K P
K P

Reputation: 851

Why does foreachPartition error out for streaming datasets?

I am migrating from Spark Streaming to Structured Streaming and I am facing issue with the following code:

def processDataSet(inputDataset: Dataset[MyMessage], foobar: FooBar) = {
    inputDataset.foreachPartition { partitionIterator =>
      val filteredIterator = partitionIterator.filter(foobar.filter)
      ...
      ...
    }
}       
val streamingQuery = inputDataset
  .writeStream
  .trigger(ProcessingTime("5 seconds"))
  .outputMode("append")
  .format("console")
  .start

It errors out with the following AnalysisException:

Caused by: org.apache.spark.sql.AnalysisException: Queries with streaming sources must be executed with writeStream.start();;

Is foreachPartition not supported on streaming queries? Is writeStream.foreach the only way to implement foreachPartition in this case?

I'd like to avoid sending each event as it comes, but rather accumulate all rows, form one giant POST request body and send it to a HTTP endpoint. So if 1000 events in a batch and 5 partitions, generate 5 requests in parallel with 200 events in each request body.

Upvotes: 2

Views: 2732

Answers (1)

Jacek Laskowski
Jacek Laskowski

Reputation: 74669

TL;DR Yes. foreachPartition action is not supported and you should use ForeachWriter instead.

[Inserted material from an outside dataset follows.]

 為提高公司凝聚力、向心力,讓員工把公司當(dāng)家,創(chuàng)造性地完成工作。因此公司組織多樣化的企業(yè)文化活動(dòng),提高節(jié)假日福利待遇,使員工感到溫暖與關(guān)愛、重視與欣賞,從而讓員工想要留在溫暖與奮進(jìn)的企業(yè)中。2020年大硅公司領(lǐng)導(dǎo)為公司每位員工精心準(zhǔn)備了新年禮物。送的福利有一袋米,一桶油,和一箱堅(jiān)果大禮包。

Quoting the scaladoc of foreachPartition:

foreachPartition(f: (Iterator[T]) ⇒ Unit): Unit Applies a function f to each partition of this Dataset.

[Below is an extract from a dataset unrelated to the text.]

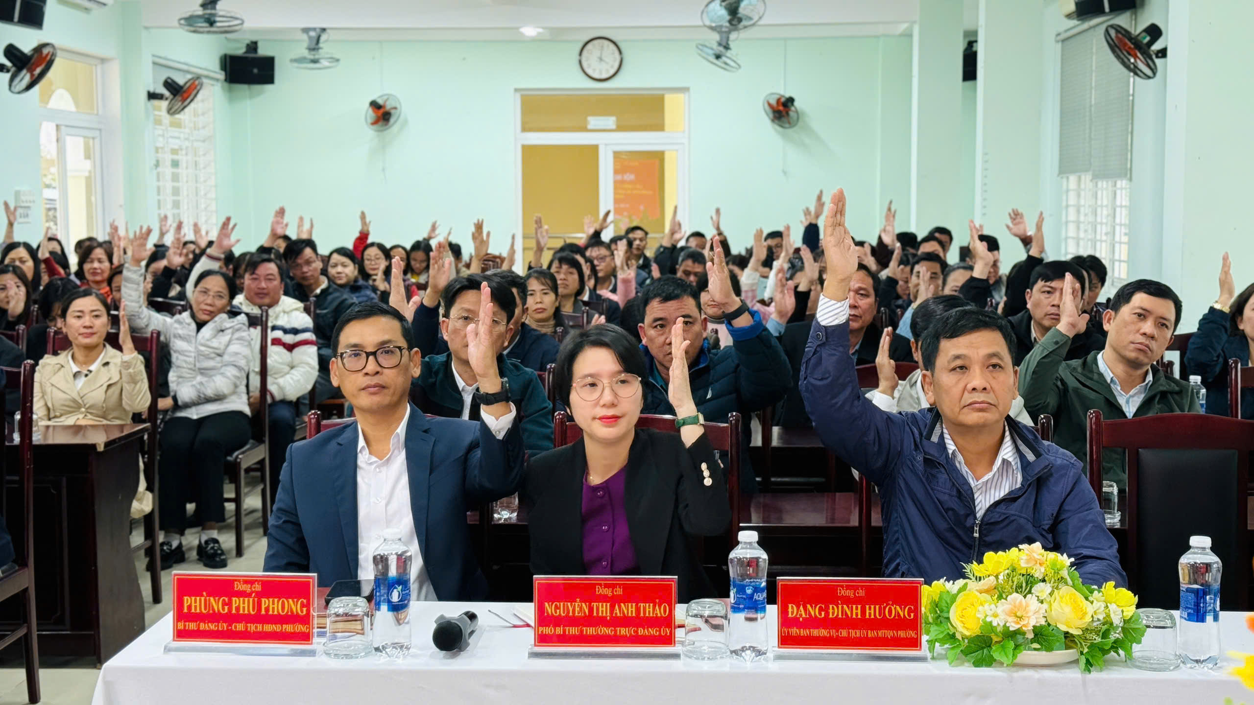 Tại Hội nghị, đã tiến hành các bước lấy ý kiến nhận xét của cử tri, biểu quyết sự tín nhiệm của cử tri đối với 02 trường hợp được giới thiệu ứng cử Đại biểu Hội đồng Nhân dân thành phố Đà Nẵng nhiệm kỳ 2026 - 2031, đó là các đồng chí: Nguyễn Thị Anh Thảo - Phó Bí thư Thường trực Đảng uỷ và Lê Thị Bích Thuận - Đảng ủy viên, Trưởng ban Kinh tế, Ngân sách HĐND phường An Hải.

As you may have found out by now, foreach is an action and therefore triggers Spark execution.

Since you work with streaming Datasets, triggering their execution is not allowed using "traditional" methods like foreach.

Quoting Structured Streaming's Unsupported Operations:

In addition, there are some Dataset methods that will not work on streaming Datasets. They are actions that will immediately run queries and return results, which does not make sense on a streaming Dataset. Rather, those functionalities can be done by explicitly starting a streaming query (see the next section regarding that).

Among the streaming alternatives is foreach operator (aka sink). That's how to do foreachPartition in Structured Streaming.

Quoting Using Foreach:

The foreach operation allows arbitrary operations to be computed on the output data.

To use this, you will have to implement the interface ForeachWriter, which has methods that get called whenever there is a sequence of rows generated as output after a trigger.


I'd like to avoid sending each event as it comes, but rather accumulate all rows, form one giant POST request body and send it to a HTTP endpoint. So if 1000 events in a batch and 5 partitions, generate 5 requests in parallel with 200 events in each request body.

That seems like an aggregation before writing the Dataset to a sink, doesn't it? Use groupBy operator and collect_list function to group rows so when you writeStream you'll have as many groups as you want.

I'd rather avoid dealing with this low-level feature of RDD called partitions as a way to optimize writes unless there is no other way.

Upvotes: 2

Related Questions